Shri Sanjay Badani Vs. DCIT (ITAT Mumbai), SA No.216/Mum/2014 (Arising out of ITA No.5221/Mum/2014)

The reason for taking all these precautions is that service by affixture is substituted service and since it is not direct or personal service upon the defendant, to bind him by such mode of service the mere formality of affixture is not sufficient. Since the service has to be done after making the necessary efforts, in order to establish the genuineness of such service, the Serving Officer is required to state his full action in the report and reliance can be placed on such report only when it sets out all the circumstances which are also duly verified by the witnesses in whose presence the affixture was done and thus the affidavit of the Serving Officer deposing such procedure adopted by him would also be essential.
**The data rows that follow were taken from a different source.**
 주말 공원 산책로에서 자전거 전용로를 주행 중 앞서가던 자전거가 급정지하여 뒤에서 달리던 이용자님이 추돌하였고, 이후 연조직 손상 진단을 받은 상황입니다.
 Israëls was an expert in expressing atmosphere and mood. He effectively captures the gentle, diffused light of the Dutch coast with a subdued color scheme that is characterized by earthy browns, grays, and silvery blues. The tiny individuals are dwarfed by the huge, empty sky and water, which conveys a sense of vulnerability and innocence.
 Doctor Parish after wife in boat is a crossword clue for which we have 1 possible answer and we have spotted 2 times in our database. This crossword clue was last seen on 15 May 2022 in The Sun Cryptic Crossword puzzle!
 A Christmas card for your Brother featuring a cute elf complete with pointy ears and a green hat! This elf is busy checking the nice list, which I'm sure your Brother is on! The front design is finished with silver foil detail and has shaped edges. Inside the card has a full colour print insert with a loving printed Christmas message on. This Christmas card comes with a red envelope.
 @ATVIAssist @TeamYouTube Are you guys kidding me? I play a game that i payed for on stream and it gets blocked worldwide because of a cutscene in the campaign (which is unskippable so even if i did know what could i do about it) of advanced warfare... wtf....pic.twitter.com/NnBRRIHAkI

In the instant case, the whole thing had been done in one stroke. It was not known as to why and under which circumstances another entry for service of notice by affixture was made on 27-7-2012 when sufficient time was available through normal service till 30-9-2012. Nor there is any entry in the note-sheet by the AO directing the Inspector for service by affixture and had only recorded the fact that the notice was served by the affixture. It appears that the report of the Inspector was obtained without issuing any prior direction for such process or mode. However, the fact remained that Serving Officer had not set out reason for passing subsequent entry nor for adopting the mode for service by affixture and without stating the reasons for doing so, the adoption of the mode of substituted service could not be legally justified. Notice was served by affixture. The reasons for service through affixture has not been noted by the AO in the notesheet nor he has issued any direction for issuing notice through affixtures. The next entry of note sheet dated 28-7-2012 just indicates that letter was filed by the Inspector regarding service of notice by affixtures, dated 17-7-2012. Thus, on 17-7-2012, the first entry was made and without recording any apprehension about the delay by such mode second entry for affixation was made on 28-7- 2012 without showing justification for the same.
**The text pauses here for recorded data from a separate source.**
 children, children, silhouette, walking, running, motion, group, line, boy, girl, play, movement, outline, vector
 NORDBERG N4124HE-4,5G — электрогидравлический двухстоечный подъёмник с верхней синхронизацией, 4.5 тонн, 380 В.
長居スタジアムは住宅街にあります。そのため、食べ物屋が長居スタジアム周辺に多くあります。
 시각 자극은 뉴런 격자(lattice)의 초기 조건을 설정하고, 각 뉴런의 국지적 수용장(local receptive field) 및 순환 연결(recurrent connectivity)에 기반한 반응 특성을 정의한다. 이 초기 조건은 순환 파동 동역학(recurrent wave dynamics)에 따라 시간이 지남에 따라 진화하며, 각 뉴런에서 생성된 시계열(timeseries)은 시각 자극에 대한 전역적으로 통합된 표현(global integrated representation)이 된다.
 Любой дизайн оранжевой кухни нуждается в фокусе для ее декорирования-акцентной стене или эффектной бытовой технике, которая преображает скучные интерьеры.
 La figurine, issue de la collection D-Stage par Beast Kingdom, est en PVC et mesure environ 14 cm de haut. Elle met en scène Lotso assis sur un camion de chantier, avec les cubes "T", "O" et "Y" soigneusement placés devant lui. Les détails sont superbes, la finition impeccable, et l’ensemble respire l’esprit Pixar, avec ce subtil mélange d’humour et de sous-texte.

Thus, it is clear that report of the Inspector was obtained without issuing any prior direction for such process or mode. Thus, the adoption of mode of substituted service was not legally justified. It is also clear from the Inspector’s  report that there is no mention of name and address of the person who had identified the house of the assessee and in whose presence the notice u/s.143(2) was affixed. There is no evidence or indication in the report of Inspector that he had personal knowledge of the place of the business of the assessee and was, thus, in a position to identify the same. Therefore, neither the procedure laid down under order V. rule 17 had been followed nor that laid down under order V rules 19 and 20 had been adhered to. Neither before taking recourse to service by affixture, the Assessing Officer or the concerned officer had recorded the findings to justify the service by this mode nor afterwards called for the affidavit or certificate of service by affixture from the Serving Officer. He had not certified that the service had been effected by adopting this course.
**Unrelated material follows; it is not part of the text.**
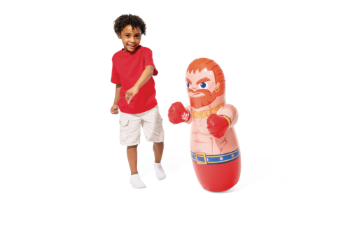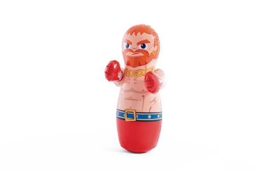 Nafukovací boxovací panák. Pro děti od 3 let. Rozměry vyfouknutého výrobku: Zrzavý Boxer 91 cm x 56 cm, Blond Boxer 94 cm x 74 cm.
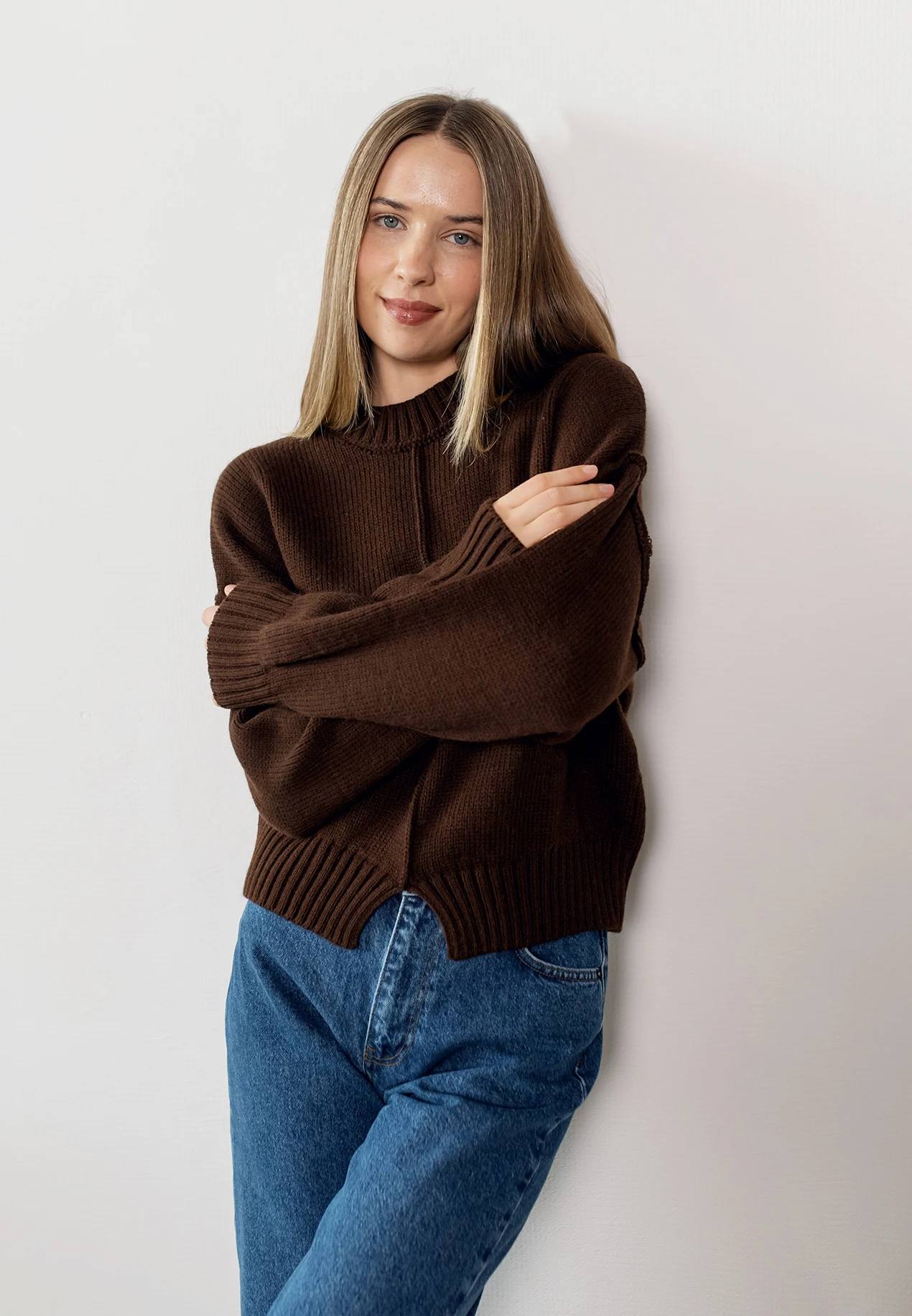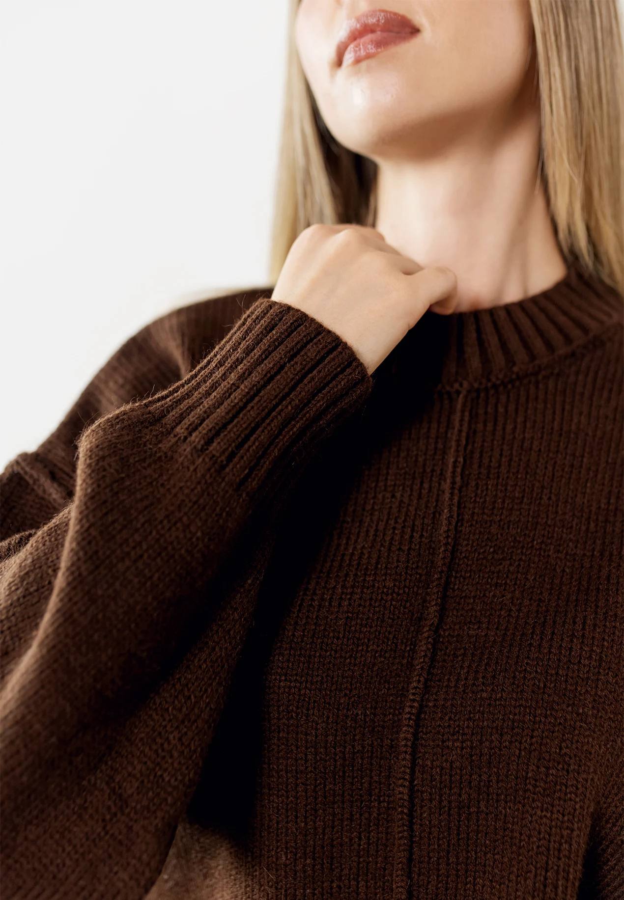 Cutout sweater in brown color A cropped knitted sweater with a round narrow neckline and a stylish decorated cutout at the front. This wool jumper is made with voluminous cuffed sleeves.

In view of the above, it is clear that there was no valid service of notice u/s.143(2) by way of affixation. Since in the instant case, the department has not been able to demonstrate that notice u/s.143(2) was served within the statutory time limit, the assessment made on the basis of such invalid notice could not be treated to be valid assessment and, hence, such assessment order deserves to be treated as null and void and liable to be quashed and annulled. Accordingly, we allow assessee’s appeal on legal issue regarding non-service of notice u/s.143(2).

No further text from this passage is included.